そこで,パピヨン史観である官僚の『税金収奪システム』との関連について,忘れないように書いておきたいです。
例えば国民皆保険は霞が関の税金収奪システムとも相性が抜群に良かった。国民のために良い制度とその中からすこしずつ掠めとって官僚王国を築くことが両立できたということです。
しかしそれもバブル崩壊前まで。その後は両立できなくなって,これまでの掠め取りを維持するためには消費税増税などに目を向けざるを得なくなったわけです。
そしていよいよ,余裕がなくなれば新自由主義と手を組まねば鳴らなくなった。これが霞が関と小泉との結託です。
Commented by papillon9999 at 2011-12-05 01:20
今回のTPPについては,霞が関はあらゆることを使って実現しようとするでしょう。それはもはや国民皆保険から掠め取ることは期待できないからです。TPPの中で新たな収奪システムをしっかりと確保するでしょう。(逆に,それがないと官僚はTPPに反対するでしょう)

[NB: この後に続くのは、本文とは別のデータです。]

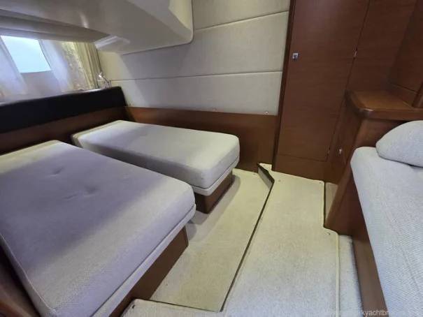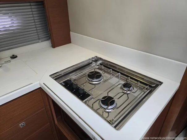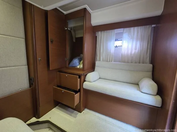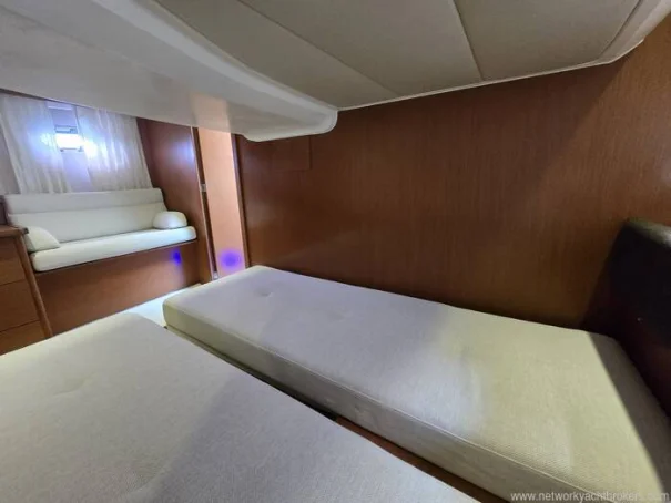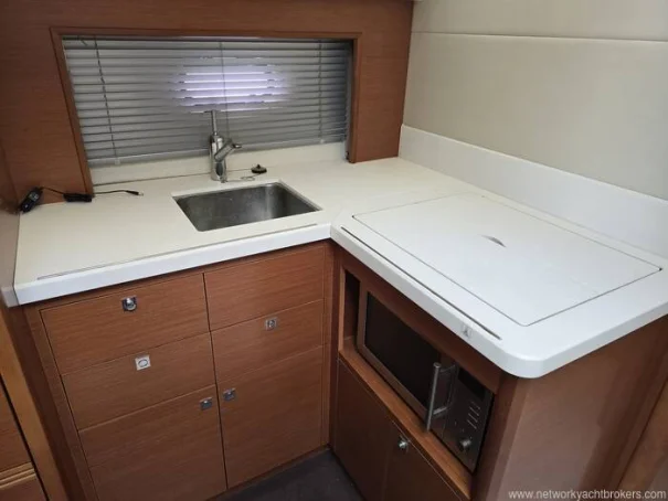 Sous le pont, l’intérieur est lumineux, spacieux et intelligemment conçu pour la vie à bord, avec des assises confortables et une cuisine bien intégrée à bâbord. Deux cabines bien proportionnées offrent un excellent confort pour le propriétaire et ses invités, complétées par une salle d’eau avec WC et douche.
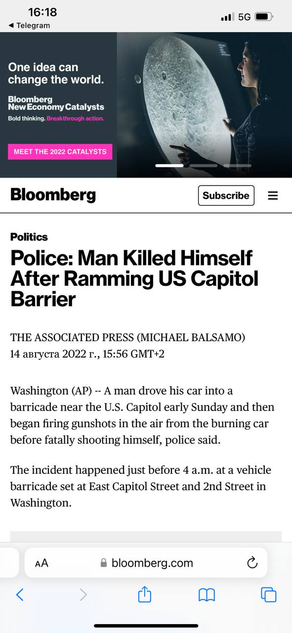 Аналогичную версию событий обнародовал Bloomberg. По словам вашингтонского корреспондента агентства, злоумышленник врезался в служебные автомобили, блокировавшие угол Ист-Кэпитол-стрит и 2-й улицы.
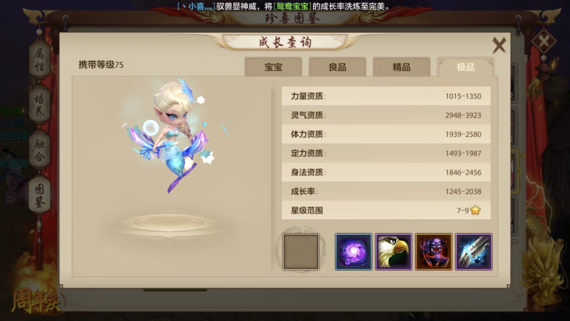 逍遥建议搭配三种属性的宝宝,其中一种是高攻击的内功宝宝,比如人鱼公主宝宝。它的法魂技能能够提升主人的内功攻击,移魂技能则可以增强主人的定力。
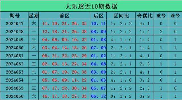 上期前区三区比为0:3:2,第2、3区表现活跃,最近10期前区三区比为18:20:12,第1、2区出号较热。
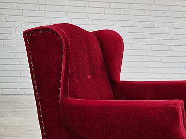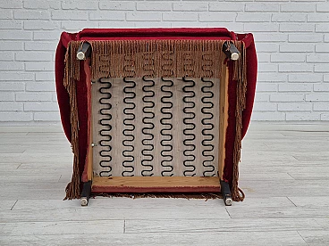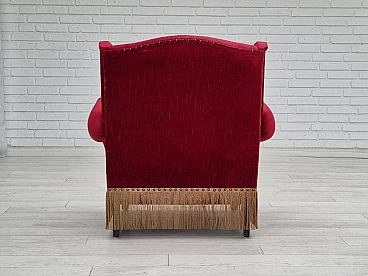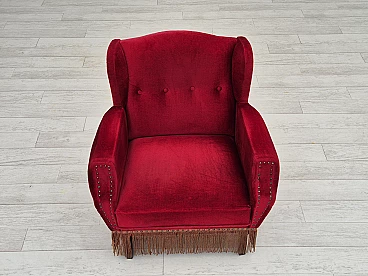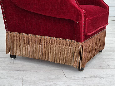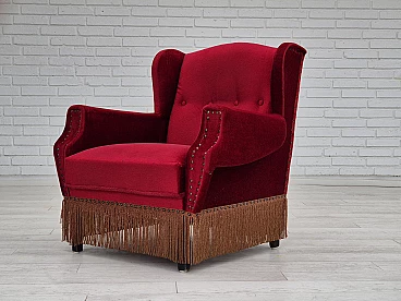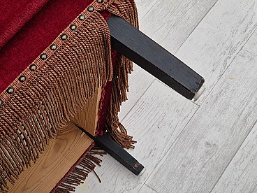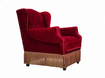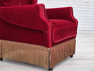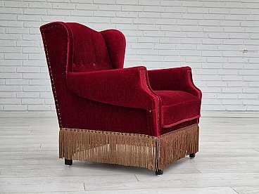 Danish oak and velvet armchair with tassels, 1960s
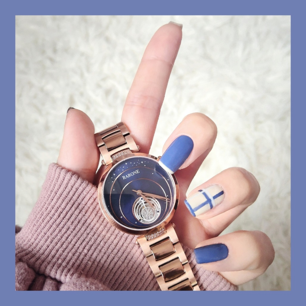 送手表,推薦雷諾的這款女士手表,大氣上檔次,顏值滿分。表盤中繁星點點點綴,漸變的色調演變,如星空的藍色溫柔浪漫,搭配簡單的基礎款衣服都很好看,簡單不單調,超顯氣質。
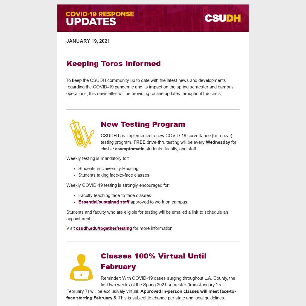 Reminder: With COVID-19 cases surging throughout L.A. County, the first two weeks of the Spring 2021 semester (from January 25 - February 7) will be exclusively virtual. Approved in-person classes will meet face-to-face starting February 8. This is subject to change per state and local guidelines.

このTPPというのがホントに新自由主義の悪あがきであれば,この種の圧力は繰り返し繰り返しかかってくるでしょう。そのいずれをも跳ね返すことが出来るかどうか,まず不可能でしょうね。
Commented by たんぽぽ at 2011-12-05 22:27 x
おかえりなさい。

ご旅行お疲れさまでした。
Commented by papillon9999 at 2011-12-05 22:49
わーい,お帰りを言ってくれる人がいたo^o^^^^

いまちょうどTBして頂いた記事にコメントを差し上げてきたところです。急いで書いたのでどんなもんだったでしょうか?\^o^/^^^^^
Commented by たんぽぽ at 2011-12-06 22:26 x
ご旅行はどちらだったのですか?
カナダとか外国ですか?
差し支えがあるようでしたら、もちろん結構です。

>いまちょうどTBして頂いた記事にコメントを差し上げてきたところです

なかなか手厳しい意見ですね。
いましがたわたしからレスをつけてきました。
わたしもくわしいことはわからないので、
たいしたことは言えないんだけど。
Commented by papillon9999 at 2011-12-07 08:59
外国ですが,差し障りがあるのでメールでこっそりお知らせします。お楽しみにぃ。\(^o^)/
Commented by 磐梯朝日国立公園 at 2011-12-24 21:54 x
差し障りのある外国となると、
思い当たるのは例の将軍様の
国ですか。
何事も起こらなければいいですね。
Commented by papillon9999 at 2011-12-29 21:35
いやあ,ひ・み・つ。
かのお国だって,将軍さまが,指導する立場を合法的に独占しているのですね。労働者階級を解放する名目で絶対王制を敷けるのも,その根本は共産主義革命思想自体に,指導する立場と指導される立場の二つが想定されているからだと思いますよ。